Stored data:

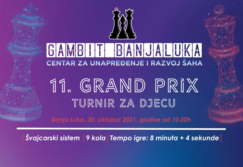 U subotu 30. oktobra nastavlja se 11. "GAMBIT Banjaluka Grand Prix" šahovski turnir za djecu, drugi u mini seriji turnira za 2021. godinu. Početak takmičenja je u 10h a zbog ograničenih kapaciteta sale, pravo nastupa imaju isključivo polaznici škole šaha "GAMBIT" Banjaluka koji se blagovremeno prijave i pozvani gostujući takmičari.
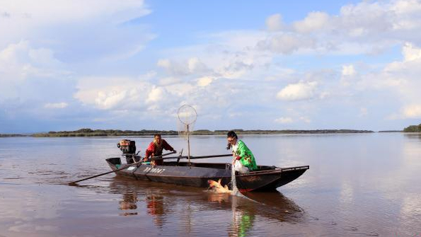 渔民在江上捕捞“头鱼”。(图片来源:中新网)
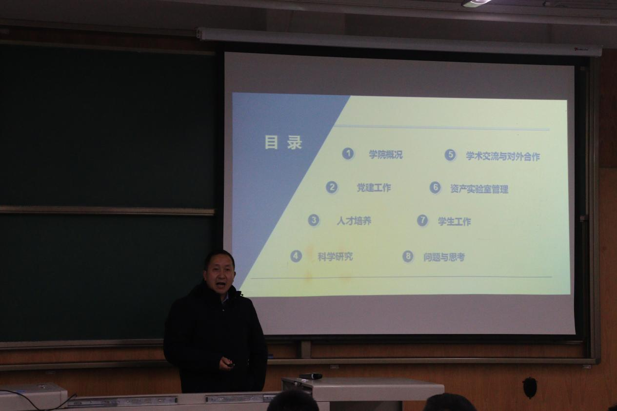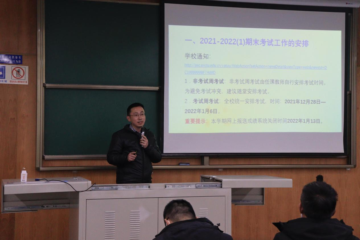 潘小东强调了期末考试工作的重要性,指出学院将严格按照上级部门的安排,积极完成期末考试工作安排,走高质量高要求道路。其次,他谈到学校本科毕业论文工作,并传达了工作要求,介绍学院组织本科生毕业设计论文的工作安排。

Required action:
Copy all the material exactly; omit images.

Solution to the problem:
 U subotu 30. oktobra nastavlja se 11. "GAMBIT Banjaluka Grand Prix" šahovski turnir za djecu, drugi u mini seriji turnira za 2021. godinu. Početak takmičenja je u 10h a zbog ograničenih kapaciteta sale, pravo nastupa imaju isključivo polaznici škole šaha "GAMBIT" Banjaluka koji se blagovremeno prijave i pozvani gostujući takmičari.
 渔民在江上捕捞“头鱼”。(图片来源:中新网)
 潘小东强调了期末考试工作的重要性,指出学院将严格按照上级部门的安排,积极完成期末考试工作安排,走高质量高要求道路。其次,他谈到学校本科毕业论文工作,并传达了工作要求,介绍学院组织本科生毕业设计论文的工作安排。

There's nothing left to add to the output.